Wright goes on to explain that critical awareness reveals three things about the process of knowing. First, that the observer always views reality from a certain point of view. There is no such thing as a “god’s-eye” or “detached” view of reality. Secondly, our understanding is peculiar to our own worldview, which functions as a kind of lens for understanding. Finally, the how I understand is in large part defined by the community to which I belong. Wright goes on to draw upon the work of Alasdair MacIntyre, who argued that worldviews are embodied in communities through the concept of “story.”[8]

MacIntyre lays out his argument in his now classic book, After Virtue. He writes, “I can only answer the question, ‘What am I to do?’ if I can answer the prior question, ‘Of what story or stories do I find myself a part?”[9] It is through stories that a community imparts to its members its worldview. Through stories they learn how to function in the world—how to live out their story. Through fairy tales young children learn how to define “good” in the context of the world they have been born into.[10] He writes, “Deprive children of stories and you leave them unscripted, anxious stutterers in their actions in the world.”[11] These stories define and transmit the values of one’s own community.[12] They do not impart strict universal principles but, rather, impart “an ability to face with courage and to find one’s way through the hazards and tragedies of life by means of the ‘map’ of a living tradition.”[13]

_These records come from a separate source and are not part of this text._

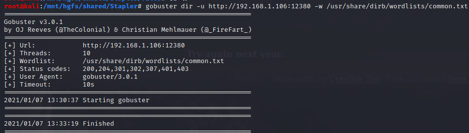 $ gobuster dir -u https://192.168.1.106:12380 -w /usr/share/dirb/wordlists/common.txt -o services/12380-https.txt -k -t 4
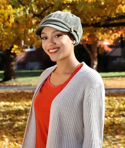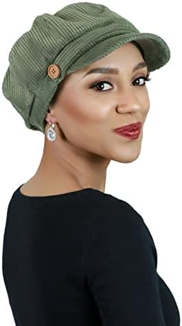 BRIANNA CABBIE NEWSBOY CAP FOR WOMEN OLIVE GREEN CORDUROY is a cute, retro chic, fall and winter hat that's perfect for cancer patients and women with medical hair loss. A great choice in chemo headwear LOVE BRIANNA'S CORDUROY CABBIE CAP IN OUTLANDER? Get the look with this cute wide wale corduroy cabbie hat. 6 pie-shaped sections on top and a button accent or either side FULLY LINED FOR COMFORT WITH FULL COVERAGE over the ears and neckline makes this classic fall cabbie or Gatsby hat a perfect chemo hat for women. Will not slip on a bald head COVERED ELASTIC AT THE NECKLINE FOR A SECURE FIT as a chemo cap for women with medium size heads, 22 inches to 23 inches as measured around the hair line THE SHORT 2 INCH BILL is nicely curved to frame your face without being overpowering. A cute fall fashion women's hat. Fully lined. 100% cotton #407,055 in Clothing, Shoes & Jewelry ( ) #121 in
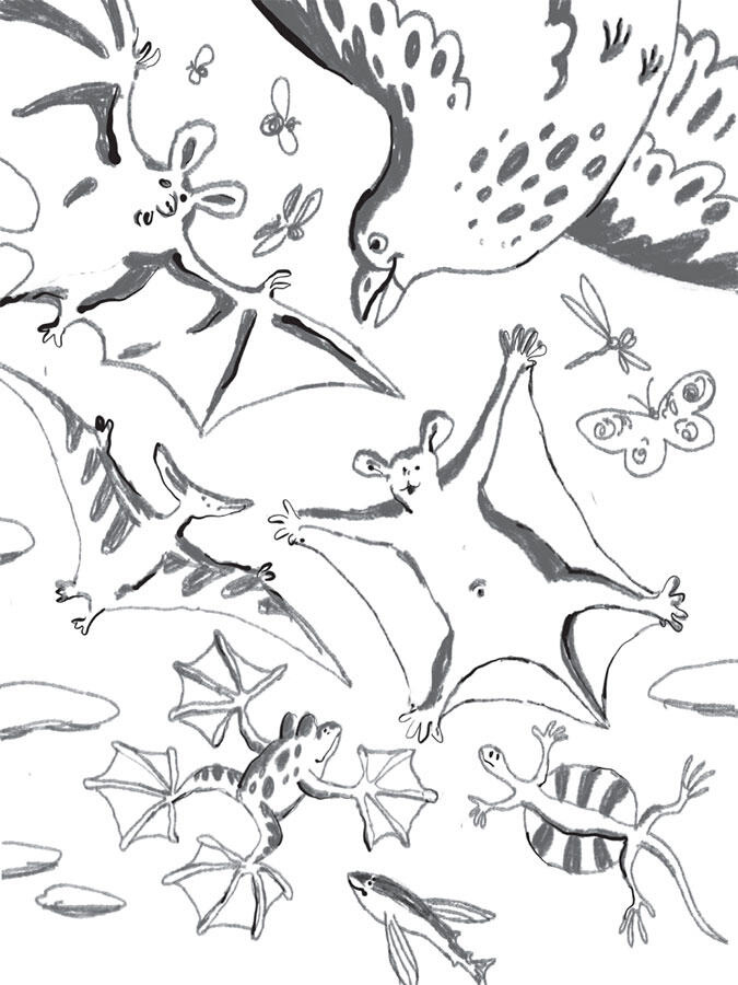 Во-вторых, для того чтобы удерживать перепонку натянутой между конечностями, все-таки требуется их распрямлять. Кажется, что с выпрямлением конечностей у всех животных долгое время было не очень хорошо. Но это «не очень хорошо» распространялось только на прямую постановку конечностей под туловищем распрямлению и вытягиванию приставленных к туловищу по бокам конечностей это никак не должно было помешать вроде бы. Оно, разумеется, так, но не совсем: для поддержания конечностей в распрямленном состоянии, как уже сказано, требуется постоянное напряжение мышц, и можно предположить, что животное, справляющееся с этой задачей, может лучше справиться и с натяжением перепонки и между конечностями. И сегодня ящерицы с ногами под туловищем встречаются разве что в сочинениях фантастов это же требует долгого, непрекращающегося напряжения (как и для поддержания конечностей в выпрямленном состоянии), а это, в свою очередь, требует более активного метаболизма, чем тот, которым обладают существа «рептильного устройства». Впрочем, это всего лишь мои размышления на тему.

Continue on to Part 7 here...
[1] Kevin Vanhoozer, Is there Meaning in this Text?: The Bible, The Reader, and the Morality of Literary Knowledge (Grand Rapids: Zondervan Publishing House, 1998), 48.
[2] Wright, The New Testament, 35; Ben F. Meyer, Reality and Illusion in New Testament Scholarship: A Primer in Critical Realist Hermeneutics (Collegeville, Minn. The Liturgical Press, 1994), 2-4.

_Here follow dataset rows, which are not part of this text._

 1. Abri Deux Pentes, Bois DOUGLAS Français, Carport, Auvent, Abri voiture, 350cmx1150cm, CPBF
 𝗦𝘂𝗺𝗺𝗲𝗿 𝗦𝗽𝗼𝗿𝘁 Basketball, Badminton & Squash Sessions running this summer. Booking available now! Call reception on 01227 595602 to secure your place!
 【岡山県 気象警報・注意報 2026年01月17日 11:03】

[3] Vanhoozer, Is there Meaning?, 49.
[4] Wright, The New Testament, 34-5.
[5] Wright, The New Testament, 35.
[6] Meyer, Reality and Illusion, 6.
[7] Meyer, Reality and Illusion, 6.
[8] Wright, New Testament, 38.
[9] Alasdair MacIntyre, After Virtue: A Study in Moral Theory (2nd ed.; Notre Dame: University of Notre Dame Press, 1978), 216.
[10] MacIntyre, After Virtue, 216: “It is through hearing stories about wicked stepmothers, lost children, good but misguided kings, wolves that suckle twin boys, youngest sons who receive no inheritance but must make their own way in the world, and eldest sons who waste their inheritance on ritous living and go into exile to live with swine, that children learn or mislearn both what a child and what a parent is, what the cast of characters may be in the drama into which they have been born and what the ways of the world are.”
[11] MacIntyre, After Virtue, 216. Also see Nelson, Narrative and Morality, 52.
[12] MacIntyre, After Virtue, 222.
[13] Nelson, Narrative and Morality, 53.